Wednesday, July 10, 2013

SyFy vs. The Mynd: Killer Mountain (2011)

Aging millionaire Barton (Andrew Airlie) convinces retired mountaineer Ward Donovan (Aaron Douglas doing an excellent straightforward likeable no-nonsense hero, and saying "frak" once) to help him out with a little problem. About a month ago, Barton had started a highly illegal (so illegal, Barton disguises his project as humanitarian help effort like the obvious jerk he is) climbing expedition for jaded rich people on a forbidden and clearly very dangerous mountain in Bhutan. Now, all contact with the expedition has been lost, and Barton needs an expert climber like Ward to mount a rescue. Because he retired after a catastrophic climbing outing, Ward isn't wild at all about the whole business until Barton discloses that the lost expedition was led by Ward's ex-wife Kate (Emmanuelle Vaugier), for whom, this being SyFy standard operating procedure, he still carries more than just friendly feelings. Consequently, Ward can't say no to Barton any longer.

Once Ward and a handful of helpers (Paul Campbell, Crystal Lowe, Torrance Coombs and Mig Macario) are on the go, things turn out to be rather different from what Barton told them: the expedition must have been running for at least a month longer than the millionaire said, and they clearly were looking for something specific(as we will learn later, a certain lost city of myth), which doesn't fit the whole "jaded millionaires" story at all. Things also turn out to be even more dangerous than expected, for the mountain harbours, apart from its more usual dangers, rather unexpected and dangerous fauna, and most members of the old expedition seem to have died in rather disturbing ways. Ward and his team will need quite a bit of luck if they're planning on surviving their rescue mission, and - perhaps - pick up a survivor or two of the last one.

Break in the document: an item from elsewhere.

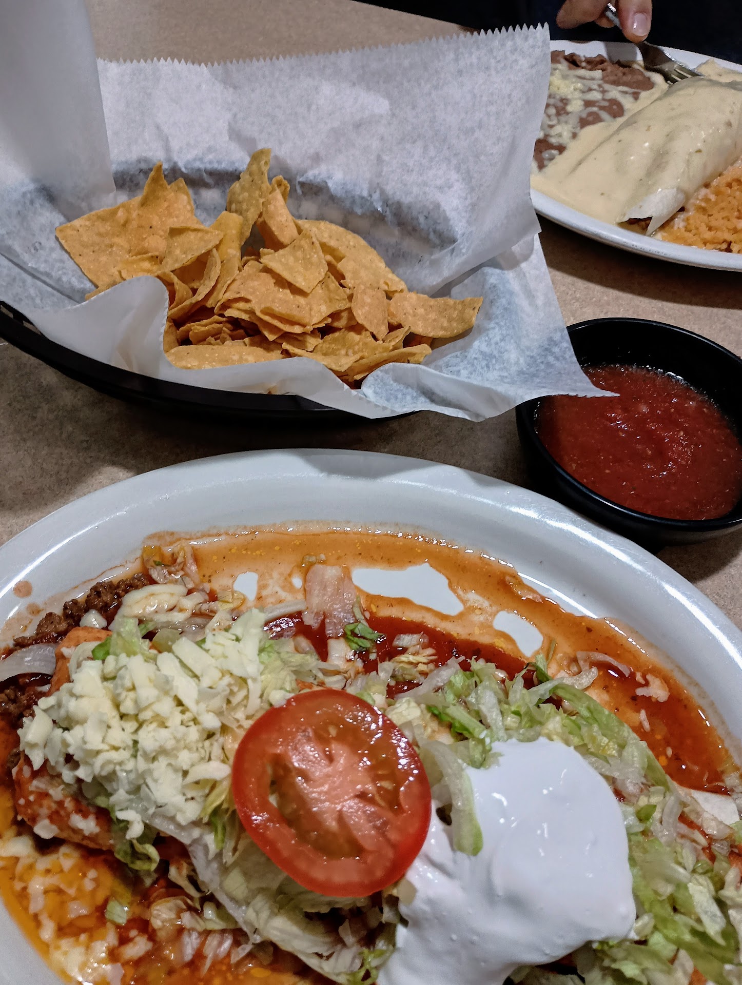 Read moreWe came to this nice little restaurant after the other Mexican place down the road was packed. Very glad we did! Huge menu. Ordered Shrimp a la Diablo and was was really impressed. Big perfectly cooked shrimp in a spicy red sauce with a small avocado lettuce salad, rice and garlic bread. There were so many shrimp I actually couldn’t finish. Also had a shrimp quesadilla and it too was loaded with shrimp, cheese and veggies. Both entrees were done so well and served very quickly. Good mild chips and salsa, plus they have a spicy salsa as well that was very good. Our service was excellent from the very busy efficient waitress. By the time we left it was busy full of happy customers. Very clean and priced were super reasonable. 3 beers, 2 glasses of wine and 2 entrees were just $44. Please eat here, you’re...

Sheldon Wilson's Killer Mountain is a bit different from your run-of-the-mill SyFy movie in that it is neither a creature feature - though there are creatures here - nor a disaster movie - though nature shows itself from its ruder side - but a fantastical adventure movie in the spirit of old pulp tales. Films of that particular genre aren't very common anymore, so I approach every occurrence of one of these rare beasts with a certain, if cautious, degree of enthusiasm.

In Killer Mountain's case, that enthusiasm is very much justified. Wilson juggles the plot's various elements - there's a whole minor parallel storyline about what happens around Barton when Wade's team is gone that I haven't gone into in the synopsis at all, as well as the continuing adventures of Kate, plus there are creatures, climbing movie mainstays, a lost city, and a cure for everything to handle - with verve and what seemed to me a certain joy. One might argue that Wilson is keeping a few balls too many in the air here, and so plot elements like the healing power of slug leech thingies or the whole mythical lost city are given comparatively short thrift, but to me, this only adds to the pulp charm of the whole affair. For pulp adventure (in print and in the movies) really isn't a genre about slowly pondering the complexities of situations and thinking ideas through, and rather one of racing through as many exciting elements quickly and energetically during the course of a novella or a ninety minute film.

And that, Killer Mountain does exceedingly well. Sure, from time to time the film can't quite hide its TV budget, can't quite sell a CGI-ed British Columbia as Bhutan (though it does give it such nice try with some very fine location shots I'm far from complaining here), can't find a CGI effects crew with the ability to create a believable helicopter (which is rather curious, seeing as how they're quite good when it comes to the landscape bits), and really doesn't work enough at changing up its favourite pulp clichés a bit (the racial politics here are problematic, for example) but Killer Mountain demonstrates so much of the right energy and spirit I can't bring myself to care much - if at all - about its flaws.